--- Record extracts Enclosed Below ---
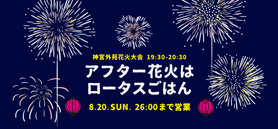今年も、神宮外苑花火大会当日はロータスの屋上を開放します
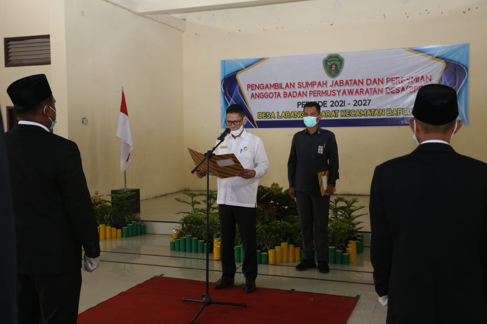 Kaltimkita.com, PENAJAM – Tujuh anggota Badan Permusyawaratan Desa (BPD) Desa Labangka Barat priode Tahun 2021-2027 resmi dilantik. Dalam pengambilan sumpah janji jabatan ini dipimpin langsun oleh Plt. Sekretaris Daerah Kabupaten Penajam Paser Utara (PPU) Muliadi, yang berlangsung di Gedung Serba Guna Desa Labangka Barat Kecamatan Babulu, Rabu, (22/9/2021).
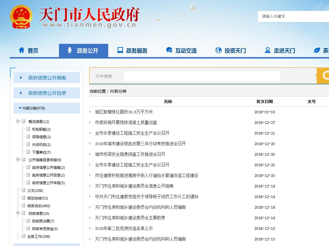 2018年,市住建委通过政府网站公开信息257条,其中机构职能2条,领导信息2条,内设机构1条,下属机构7条,公开指南目录年报3条,公文49条,规划总结12条,政务动态130条,财政信息3条,业务工作118条。通过《天门日报》刊登信息153篇,湖北建设信息网刊登339条,天门电视台播放信息5条。12月16日,我委副主任隆拥军参加天门网“在线访谈”就加快“四湖六河”建设 推进城市绿色发展与网友进行互动。按照市级政务公开工作要点分工方案,我委重点领域公开任务主要为重大建设项目批准和实施、公共资源配置和厕所革命相关工作,其中重大建设项目批准和实施主要为乡镇生活污水治理项目、东湖公园二期建设项目和“气化天门”工程,分别公开信息数量为8篇、2篇和3篇,公共资源配置我委主要涉及到农村危房改造,公开信息数量为6篇,厕所革命公开数量为3篇。
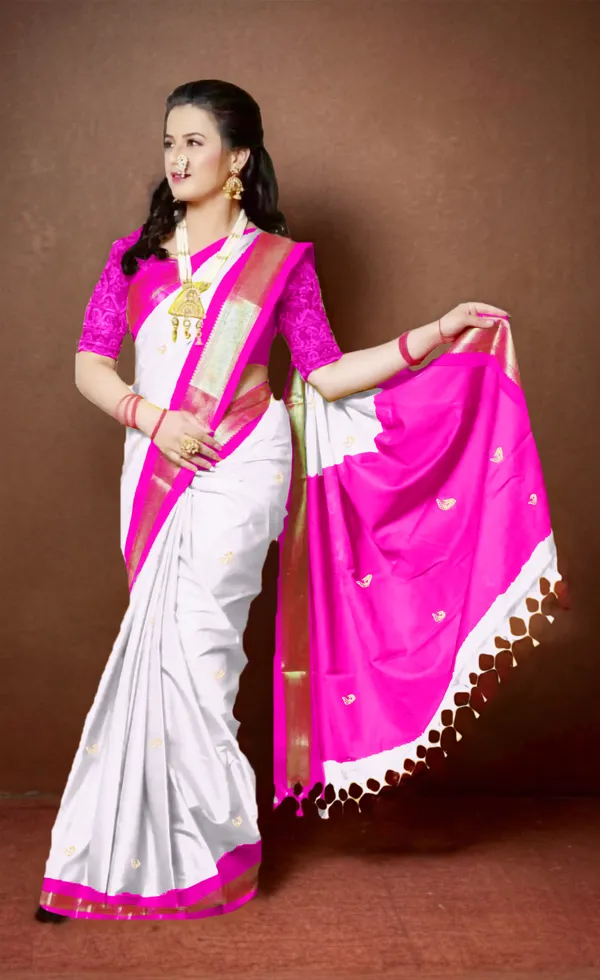 White & Pink Sico Silk Full Zari Work Semi Paithani Saree With Blouse Piece..More
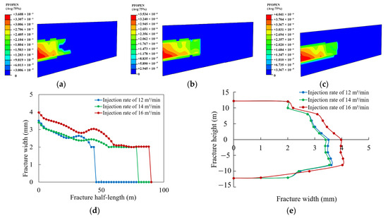 Variation in fracture propagation morphology with injection rate. (a) Injection rate of 12 m3/min. (b) Injection rate of 14 m3/min. (c) Injection rate of 16 m3/min. (d) Fracture width profile. (e) Fracture height profile.
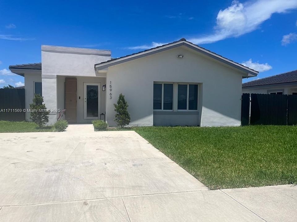 Beautiful 3 bedrooms, 2 bathrooms single-story home. This spacious and open design homes features ceramic title through out, impact windows and doors, tile roof, Kitchen w/ Quartz Tops, White Cabinetry & a Stylish Large Island. SS appliances, a spacious fenced backyard perfect for entertainment. Property was built in 2021 but has no CDD and no HOA. The property is located near Hospitals, shopping centers, good schools, and the Turnpike expressway. It is also close to the Florida Keys. This house only need your personal touch don't miss this opportunity
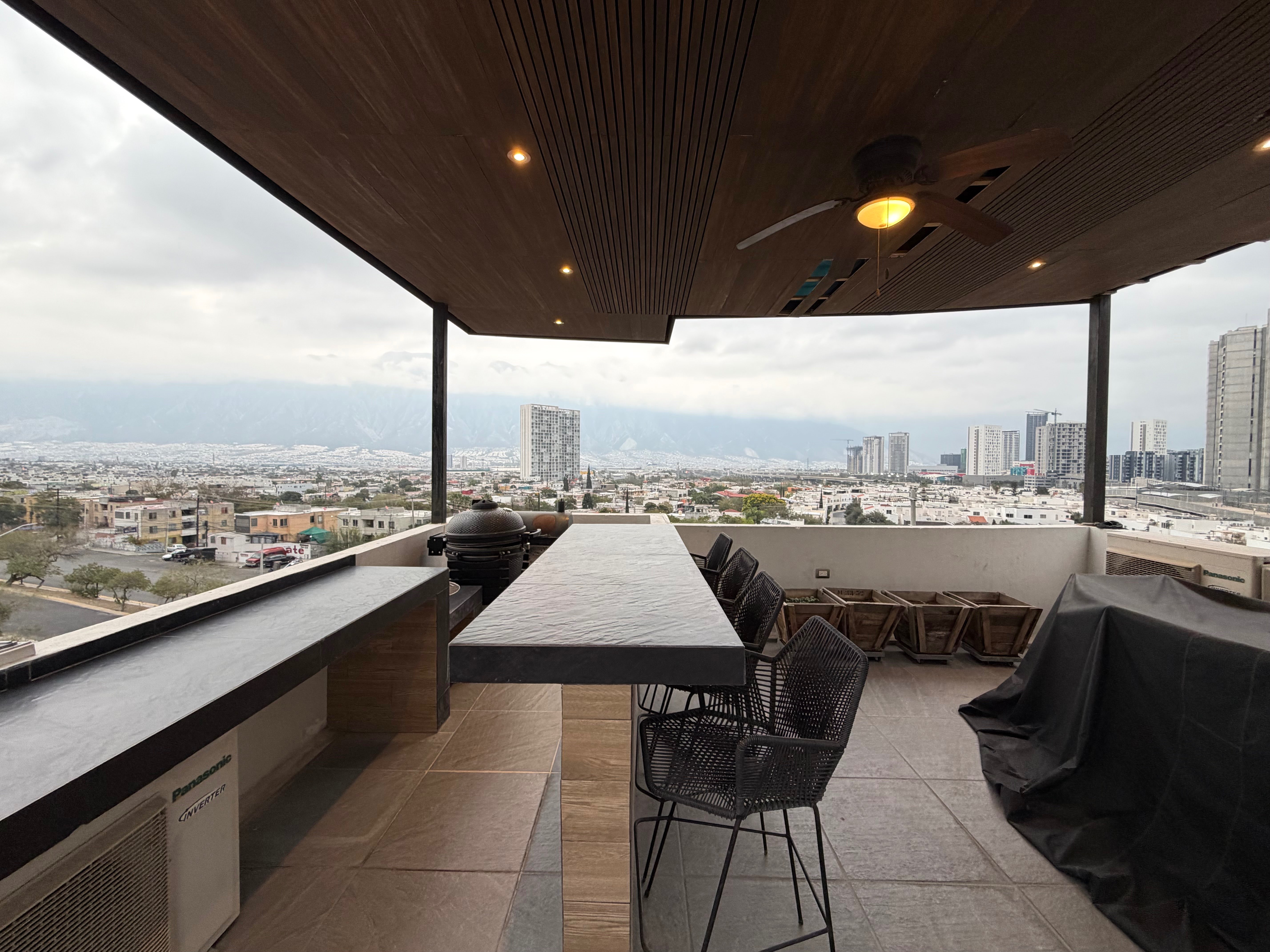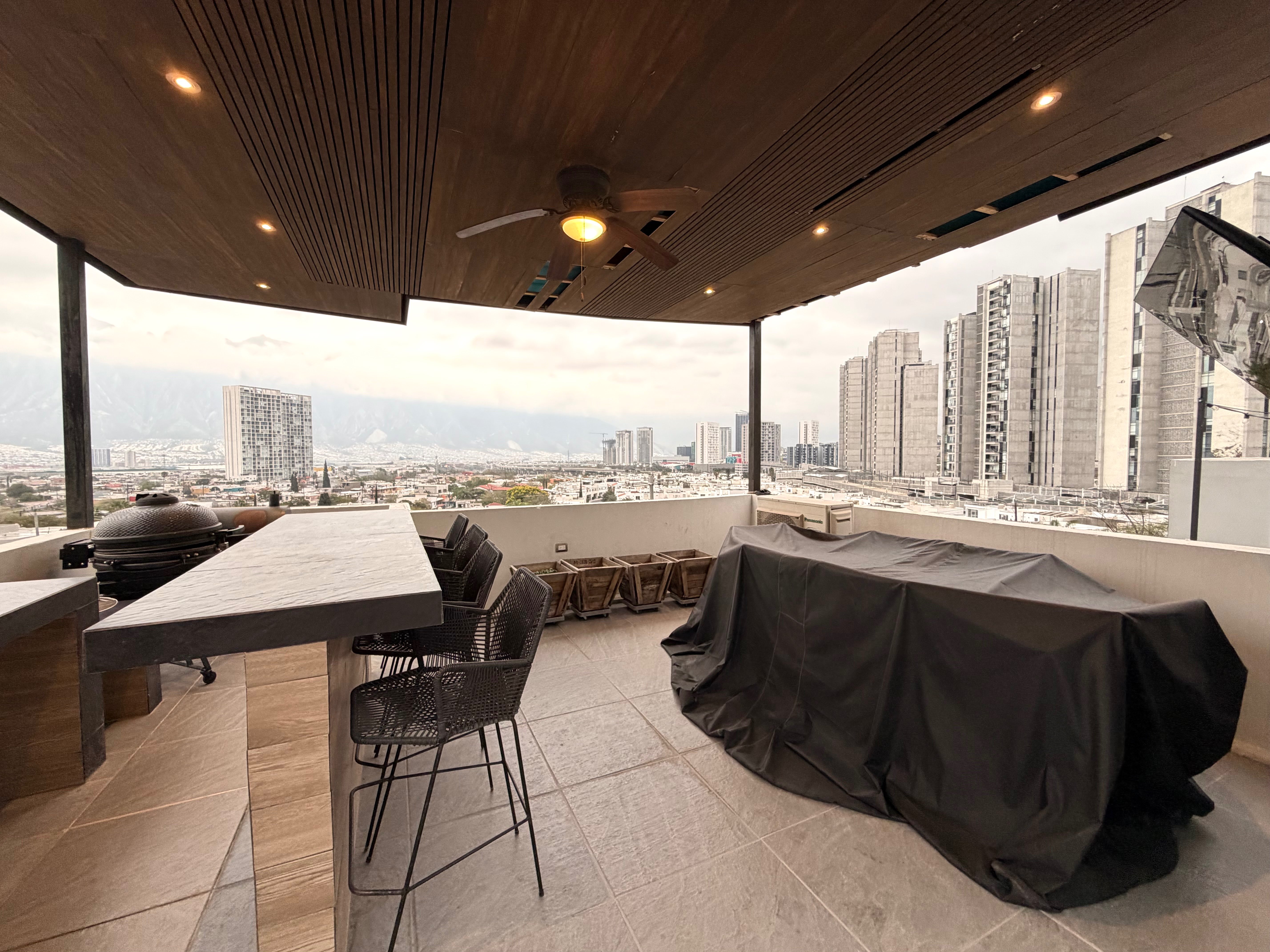 - Terraza con área de asador, con vistas increíbles a la ciudad y a las montañas, incluída la Huasteca
--- End of Enclosed Record extracts ---
### [Assignment]
With the pictures removed, please retype each record exactly.

### [Task response]
今年も、神宮外苑花火大会当日はロータスの屋上を開放します
 Kaltimkita.com, PENAJAM – Tujuh anggota Badan Permusyawaratan Desa (BPD) Desa Labangka Barat priode Tahun 2021-2027 resmi dilantik. Dalam pengambilan sumpah janji jabatan ini dipimpin langsun oleh Plt. Sekretaris Daerah Kabupaten Penajam Paser Utara (PPU) Muliadi, yang berlangsung di Gedung Serba Guna Desa Labangka Barat Kecamatan Babulu, Rabu, (22/9/2021).
 2018年,市住建委通过政府网站公开信息257条,其中机构职能2条,领导信息2条,内设机构1条,下属机构7条,公开指南目录年报3条,公文49条,规划总结12条,政务动态130条,财政信息3条,业务工作118条。通过《天门日报》刊登信息153篇,湖北建设信息网刊登339条,天门电视台播放信息5条。12月16日,我委副主任隆拥军参加天门网“在线访谈”就加快“四湖六河”建设 推进城市绿色发展与网友进行互动。按照市级政务公开工作要点分工方案,我委重点领域公开任务主要为重大建设项目批准和实施、公共资源配置和厕所革命相关工作,其中重大建设项目批准和实施主要为乡镇生活污水治理项目、东湖公园二期建设项目和“气化天门”工程,分别公开信息数量为8篇、2篇和3篇,公共资源配置我委主要涉及到农村危房改造,公开信息数量为6篇,厕所革命公开数量为3篇。
 White & Pink Sico Silk Full Zari Work Semi Paithani Saree With Blouse Piece..More
 Variation in fracture propagation morphology with injection rate. (a) Injection rate of 12 m3/min. (b) Injection rate of 14 m3/min. (c) Injection rate of 16 m3/min. (d) Fracture width profile. (e) Fracture height profile.
 Beautiful 3 bedrooms, 2 bathrooms single-story home. This spacious and open design homes features ceramic title through out, impact windows and doors, tile roof, Kitchen w/ Quartz Tops, White Cabinetry & a Stylish Large Island. SS appliances, a spacious fenced backyard perfect for entertainment. Property was built in 2021 but has no CDD and no HOA. The property is located near Hospitals, shopping centers, good schools, and the Turnpike expressway. It is also close to the Florida Keys. This house only need your personal touch don't miss this opportunity
 - Terraza con área de asador, con vistas increíbles a la ciudad y a las montañas, incluída la Huasteca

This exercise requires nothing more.